Records drawn from a dataset
------

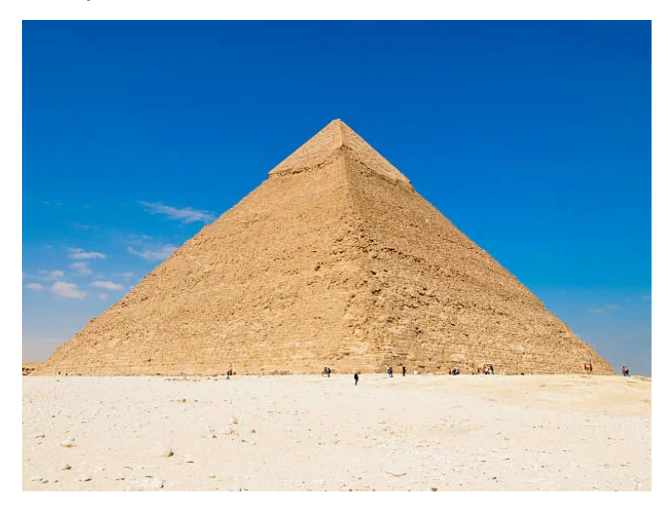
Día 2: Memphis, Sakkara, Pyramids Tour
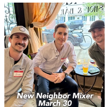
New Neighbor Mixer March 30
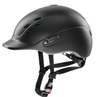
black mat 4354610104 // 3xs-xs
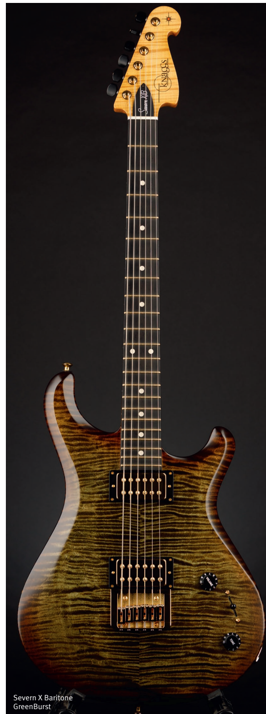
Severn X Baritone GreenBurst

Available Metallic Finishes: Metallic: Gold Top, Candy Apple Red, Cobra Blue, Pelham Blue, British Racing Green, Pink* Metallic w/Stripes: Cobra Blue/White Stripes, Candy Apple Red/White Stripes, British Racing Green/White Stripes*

------

**What is needed**. Every record above must be repeated exactly, with the pictures dropped.

**The completed task**.
Día 2: Memphis, Sakkara, Pyramids Tour
New Neighbor Mixer March 30
black mat 4354610104 // 3xs-xs
Severn X Baritone GreenBurst

Available Metallic Finishes: Metallic: Gold Top, Candy Apple Red, Cobra Blue, Pelham Blue, British Racing Green, Pink* Metallic w/Stripes: Cobra Blue/White Stripes, Candy Apple Red/White Stripes, British Racing Green/White Stripes*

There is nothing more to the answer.